The Lakbayan ng Visayas is an inter-island protest caravan against hunger and state fascism. Negros farmworkers under UMA and the National Federation of Sugar Workers (NFSW) are among the thousands of peasants who converged in Cebu yesterday.

Farmers decried that they are witnessing both hunger and brutal repression under the Duterte regime. In Guihulngan City, Negros Oriental, 8 farmers became victims of political killings from July to September alone, due to Duterte’s all-out war policy.

Today, the farmers will hold a Visayas Rural Poor Summit. UMA said that among the issues that must be decisively addressed is the plight of Negros farmworkers who experience extreme hunger during the tiempo muerto (dead season) or off-milling season in the sugar industry.

NFSW is also campaigning for a P50 increase in farmworkers’ daily wages, and 50% increase in the pakyaw (group wage) rates in sugar areas.

“Duterte must listen to working people’s woes,” said Lozande. “The iron-fist, scorched earth policy that Duterte employs to address the roots of discontent and strife in the country will only further isolate his regime.”

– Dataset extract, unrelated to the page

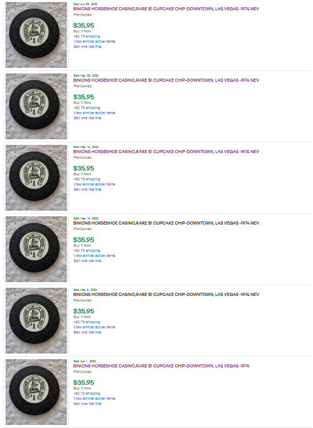 This chip is "rare". The backstory is these were painted black with gold sparkles and presented on top of cupcakes for Benny Binion's 70th birthday. No way a bunch of them exist. How many cupcakes did they have? How many did they paint? They spray painted the existing $1 chips at the time.
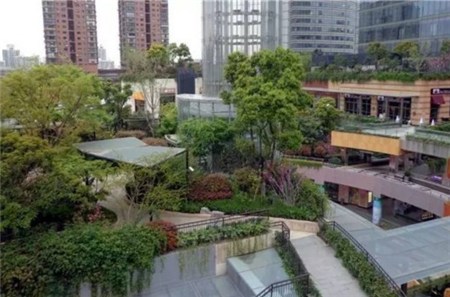 采用立体造园手法,整个商场呈现出的是一个层层叠叠的阶梯型花园,各种植物鲜花遍布于商场的每个角落,在3,4,5层开放的屋顶花园,设计师着力营造“移步易景”的园林景观,365种各式花卉绿植随季节更替,整个商场呈现出四季不同的自然景色。

The Lakbayan ng Visayas peasant camp-out at Plaza Independencia will go on until October 20.

Meanwhile, KMP member-organizations from Mindanao, Bicol, Southern Tagalog, North and Central Luzon regions, are preparing for the Pambansang Lakbayan ng Magsasaka para sa Lupa at Laban sa Pasismo or #LakbayMagsasaka which will culminate in protests in Manila from October 23-25.